Shoppen und Ficken
Ravenhill wollte ein Stück schreiben, in dem er eine Gesellschaft zeigt, deren Leben und Denken ganz vom Geld geprägt ist. In den neunziger Jahren entstand „Shoppen und Ficken“, eine schonungslose Bestandsaufnahme unter jungen Erwachsenen einer Großstadt, die keine Illusionen mehr erlaubt.
Die jungen Laute vermeiden Beziehungen, weil sie die emotionalen Abhängigkeiten fürchten. Sie erklären sie lieber zu geschäftlichen Partnerschaften, die nichts weiter zu bedeuten hätten. Käuflicher Sex ist ihnen am liebsten. Komisch dass sie aber dennoch das Gefühl nicht loswerden können, dass ihnen etwas Wesentliches fehlt. Die gemeinsame Einnahme von Drogen kann zeitweise eine Art von Glückgefühl ersetzen. Wenn doch ein Gefühl der Sehnsucht nach Nähe sich in ihren Gefühlshaushalt einschleichen sollte, verbergen sie es unter Aggression. Küssen und Schlagen liegen ebenso dicht beieinander wie Sexualität und Blut.
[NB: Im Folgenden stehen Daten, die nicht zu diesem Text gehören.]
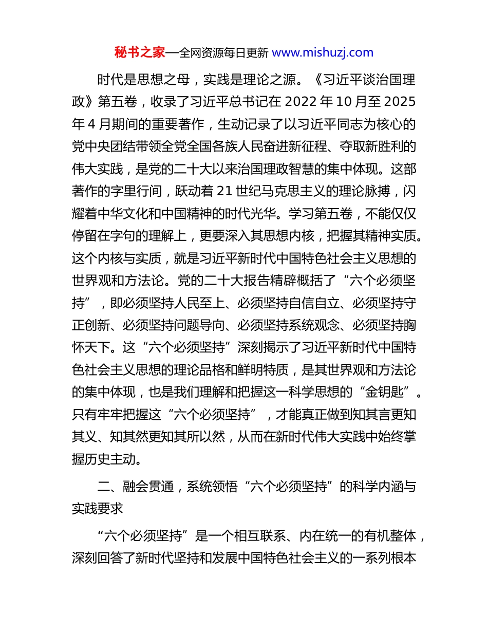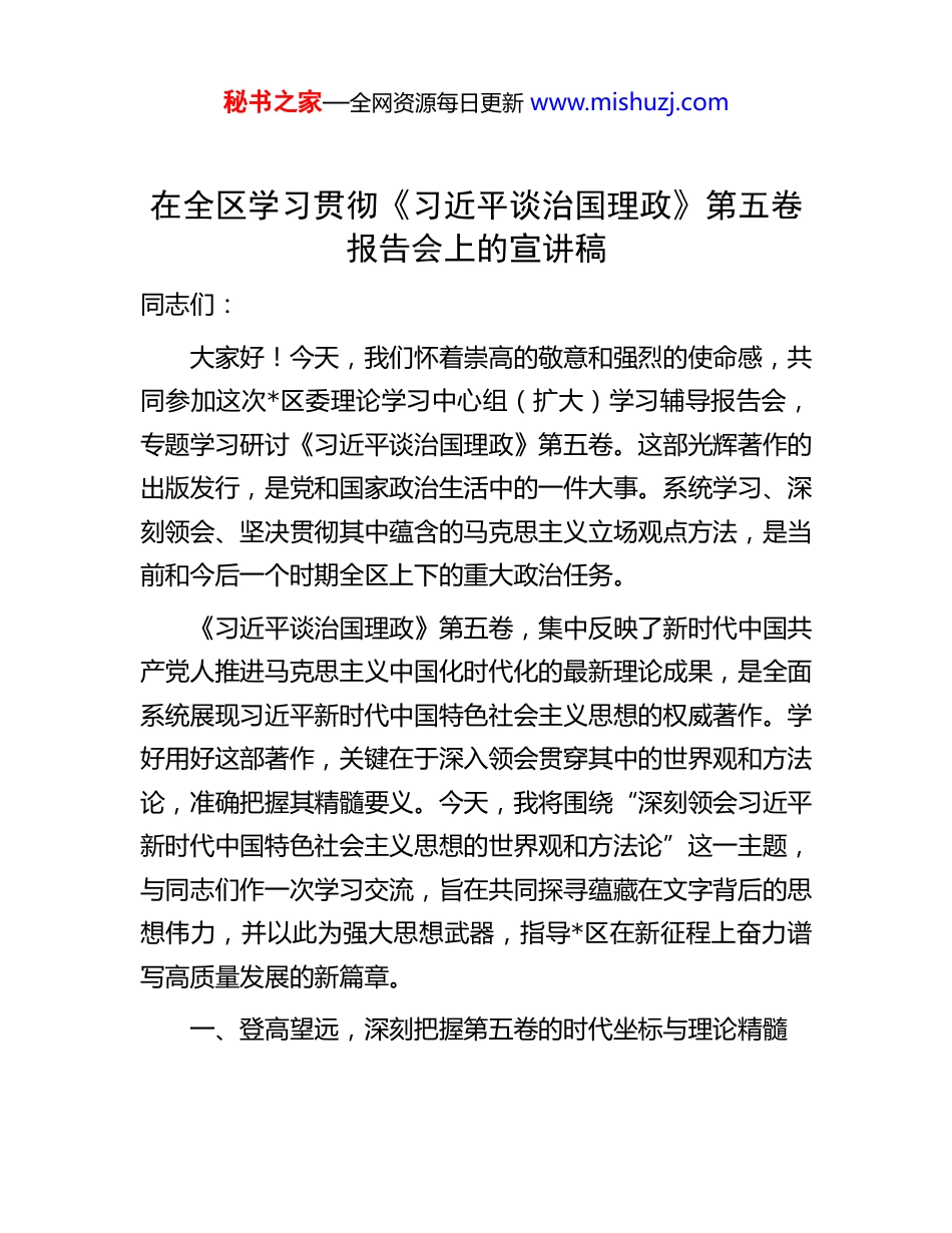秘书之家—全网资源每日更新 www.mishuzj.com在全区学习贯彻《习近平谈治国理政》第五卷报告会上的宣讲稿同志们:大家好!今天,我们怀着崇高的敬意和强烈的使命感,共同参加这次*区委理论学习中心组(扩大)学习辅导报告会,专题学习研讨《习近平谈治国理政》第五卷。这部光辉著作的出版发行,是党和国家政治生活中的一件大事。系统学习、深刻领会、坚决贯彻其中蕴含的马克思主义立场观点方法,是当前和今后一个时期全区上下的重大政治任务。《习近平谈治国理政》第五卷,集中反映了新时代中国共产党人推进马克思主义中国化时代化的最新理论成果,是全面系统展现习近平新时代中国特色社会主义思想的权威著作。学好用好这部著作,关键在于深入领会贯穿其中的世界观和方法论,准确把握其精髓要义。今天,我将围绕“深刻领会习近平新时代中国特色社会主义思想的世界观和方法论”这一主题,与同志们作一次学习交流,旨在共同探寻蕴藏在文字背后的思想伟力,并以此为强大思想武器,指导*区在新征程上奋力谱写高质量发展的新篇章。一、登高望远,深刻把握第五卷的时代坐标与理论精髓秘书之家—全网资源每日更新 www.mishuzj.com时代是思想之母,实践是理论之源。《习近平谈治国理政》第五卷,收录了习近平总书记在 2022 年 10 月至 2025年 4 月期间的重要著作,生动记录了以习近平同志为核心的党中央团结带领全党全国各族人民奋进新征程、夺取新胜利的伟大实践,是党的二十大以来治国理政智慧的集中体现。这部著作的字里行间,跃动着 21 世纪马克思主义的理论脉搏,闪耀着中华文化和中国精神的时代光华。学习第五卷,不能仅仅停留在字句的理解上,更要深入其思想内核,把握其精神实质。这个内核与实质,就是习近平新时代中国特色社会主义思想的世界观和方法论。党的二十大报告精辟概括了“六个必须坚持”,即必须坚持人民至上、必须坚持自信自立、必须坚持守正创新、必须坚持问题导向、必须坚持系统观念、必须坚持胸怀天下。这“六个必须坚持”深刻揭示了习近平新时代中国特色社会主义思想的理论品格和鲜明特质,是其世界观和方法论的集中体现,也是我们理解和把握这一科学思想的“金钥匙”。只有牢牢把握这“六个必须坚持”,才能真正做到知其言更知其义、知其然更知其所以然,从而在新时代伟大实践中始终掌握历史主动。二、融会贯通,系统领悟“六个必须坚持”的科学内涵与实践要求“六个必须坚持”是一个相互联系、内在统一的有机整体,深刻回答了新时代坚持和发展中国特色社会主义的一系列根本秘书之家—全网资源每日更新 www.mishuzj.com性问题,为我们认识世界、改造世界提供了强大的思想武器。第一,必须坚持人民至上,这是我们党的根本立场和价值旨归。“江山就是人民,人民就是江山。”习近平总书记的这一重要论断,深刻阐明了中国共产党的执政理念和价值追求。《习近平谈治国理政》第五卷通篇贯穿着一条鲜明的红线,那就是“人民”二字。无论是擘画中国式现代化的宏伟蓝图,还是部署区域协调发展的重大战略;无论是推动全面深化改革,还是推进全面从严治党,其出发点和落脚点,都是为了让人民过上好日子。坚持人民至上,就是要把人民放在心中最高位置,把人民对美好生活的向往作为奋斗目标,始终与人民风雨同舟、与人民心心相印,想人民之所想,行人民之所嘱,不断把惠民生、暖民心、顺民意的工作做到群众心坎上。这一立场观点,要求我们在制定政策、推动工作时,必须始终进行价值拷问:我们的决策是否符合最广大人民的根本利益?我们的行动是否能为人民群众带来实实在在的获得感、幸福感、安全感?第二,必须坚持自信自立,这是我们立党立国、成就伟业的精神之基。百余年来,中国共产党领导人民走出的中国特色社会主义道路,不是从天上掉下来的,也不是从书本上抄来的,更不是从别的国家照搬来的,而是在中国的土地上生长出来的。这种独立自主的探索精神和坚定不移的道路自信,正是自信自立的生动体现。坚持自信自立,就是要坚定“四个自信”,坚持把国家和民族发展放在自己力量的基点上,把中国发展进步秘书之家—全网资源每日更新 www.mishuzj.com的命运牢牢...
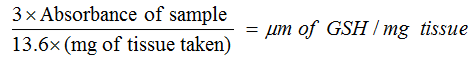 Procedure: 0.75 ml of PMS was mixed with 0.75 ml of 4% sulfosalicylic acid and then centrifuged at 1200 rpm for 5 min at 4◦C (REMI CM-12). From the above, 0.5 ml of supernatant was taken and added to 4.5 ml of 0.01M DTNB. Absorbance was measured at 412 nm by using a UV–VIS-spectrophotometer.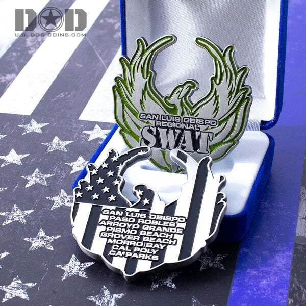 U.S. DOD Coins believes that the superiority associated with challenge coins is not considered as often as it should be for recognizing our everyday heroes. The taking of first steps, like graduating from the police academy, to elite training like SWAT is a celebration for which law enforcement police challenge coins aptly commemorate the occasion.

Nils Danile Finckh erspart den Zuschauern nichts in seiner Inszenierung in der Theaterfabrik. Schonungsloses, hart auf den wunden Punkt gebrachtes, konzentriertes Theater, das berührt und aufwühlt. Er hat wunderbare Schauspieler für sein Projekt gewinnen können, die dieWut, die Verzweiflung genauso spürbar machen können wie die Sehnsucht, Liebebedürftigkeit und Hilflosigkeit. Als Bühne reicht ein Viereck im schwarz angestrichenen Theatersaal mit vielen weißen Luftballons. Sie zerplatzen im Laufe des Abends ebenso wie die Träume der jungen Leute und offenbaren ihren tatsächlichen Inhalt: blutrote Farbe.